I think it was also tied into the timing of certain things. One, a pure legal deadline to make a new finding on the Bush era plan. Also, we’re entering the point in the climate debate in the Senate where the Kerry-Lieberman-Graham bill, which would, if it passed, do similar things, sacrifice large areas to offshore drilling as a political tradeoff to get a cap-and-trade scheme in place. That’s slowly starting to gain momentum.
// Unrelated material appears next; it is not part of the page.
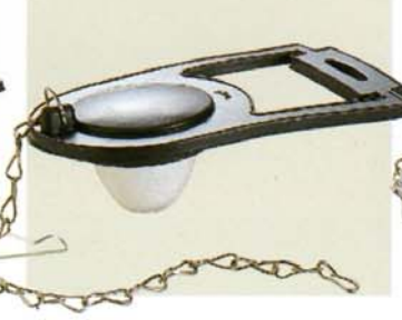
CTR-P/N 2055 FLAPPER TANK BALL STYROFOAM CENTER ( WITH 9" CHAIN & HOOK )

And I think this announcement, within that context of the Obama administration saying, “Yes, we’re willing to deal, we’re willing to give the oil industry what it wants in exchange for getting something,” unfortunately, the announcement yesterday is unclear whether it will get anything positive in return, in terms of clean energy policies. You know, as it looks to me, it’s essentially just a giveaway to the oil industry and to the critics of Obama who say he’s not doing enough for that oil industry.

AMY GOODMAN: Brendan Cummings, we’re going to leave it there, Public Lands Director of the Center for Biological Diversity, speaking to us from the desert in California.